Feeling understood and supported by your boss decreases the likelihood of “quitting before leaving,” whereas verbally abusive leader behaviour increases it. Research has shown that the way a boss treats their subordinates makes a huge difference in whether people “quit quietly” — that is, keep doing only what they must, but no more.

Understand what it means to offer High-Quality Work

Rather than debating whether quiet quitting is real (it is) or whether it’s a helpful strategy for a specific worker (it can be), we need to ask what sorts of work conditions cause these behaviours in the workplace.

Studies show that organisational citizenship and other such behaviours flourish when people are satisfied with their work and committed to the organisation. People are more satisfied and committed when they have decent leaders who treat them with respect, when the processes in the organisation are seen to be fair and just, and when they have high-quality work.

High-quality work, in turn, means having varied and meaningful tasks, clear goals, and a positive team climate. It means a job in which workers have some autonomy over their work, including a say not just in how they carry out their tasks but also — as much as is feasible — influence over where and when they work (for example, having the option to work from home some days if that is their preference).

Perhaps most relevant for workplaces today, high-quality work also means having levels of demands and expectations of workers that are reasonable. Research shows us that when workers are emotionally exhausted (an indicator of burnout), overwhelmed, or deeply fatigued, they reduce their citizenship behaviours.

This withdrawal of effort is a natural protective response in which an individual seeks to conserve, or restore, their depleted energy.

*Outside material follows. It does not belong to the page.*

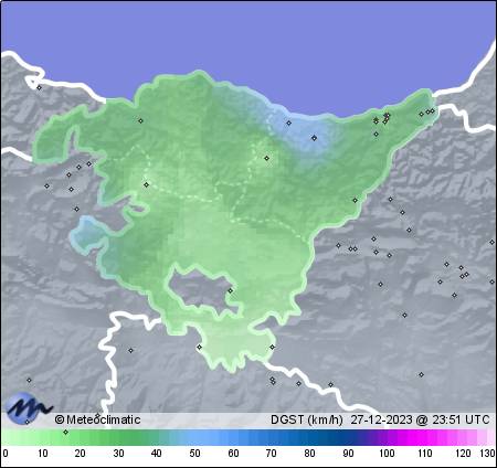 | 27-12-2023 | | | Máx. | Mín. | | | Temperatura | 18,9 | 11,1 | °C | | Humedad | 51 | 30 | % | | Viento | 66 | n/a | km/h | | Presión | 1.021 | 1.016 | hPa | | Precipitación | 0,0 | mm |

To prevent quiet-quitting at a time when many people are fatigued and fed up, managers need to be especially careful about not overwhelming people with excessive job demands, long work hours, or unreasonable pressures.

Recognising and Showing Respect for how Employees have Changed

Quiet quitting is, at its heart, an identity shift. Part of the answer lies in seeing who your employees are now rather than treating them as the person they once were. Approaching conversations with your employees in humanising ways that show care for the whole person rather than for a “hustler” or a “quiet quitter” signals respect in a more holistic way. When people feel valued holistically, they are more likely to naturally engage or reengage in their work.

Helping Employees Rebuild Connections to Teammates and Culture

Quiet quitting is not a new issue at all. It is simply suggesting a low level of engagement and motivation among workers, which is currently exacerbated by a rather uncertain and depressing environment, which creates disengagement at work as employees question their purpose;  high inflation, which creates issues of internal equity — newcomers are getting pay raises, while the cost of living is skyrocketing for existing employees; and a confusing hybrid work environment that has weakened our social connections to the company culture and the potential friendships that we can build at work.

This latter driver is particularly important: Employees’ engagement relies on them feeling connected to one another individually and feeling part of a bigger purpose as a team working together on a collective endeavour. Bringing people back to the office is, to some extent, one solution against quiet quitting, if we can help them use office time to make meaningful connections, be their authentic selves, and share what unites them.

It is also about helping employees rethink their role in organisations and giving them the autonomy to be entrepreneurial — to lead new projects and shape their own contributions to the organisation instead of having tasks imposed on them in a top-to-bottom approach.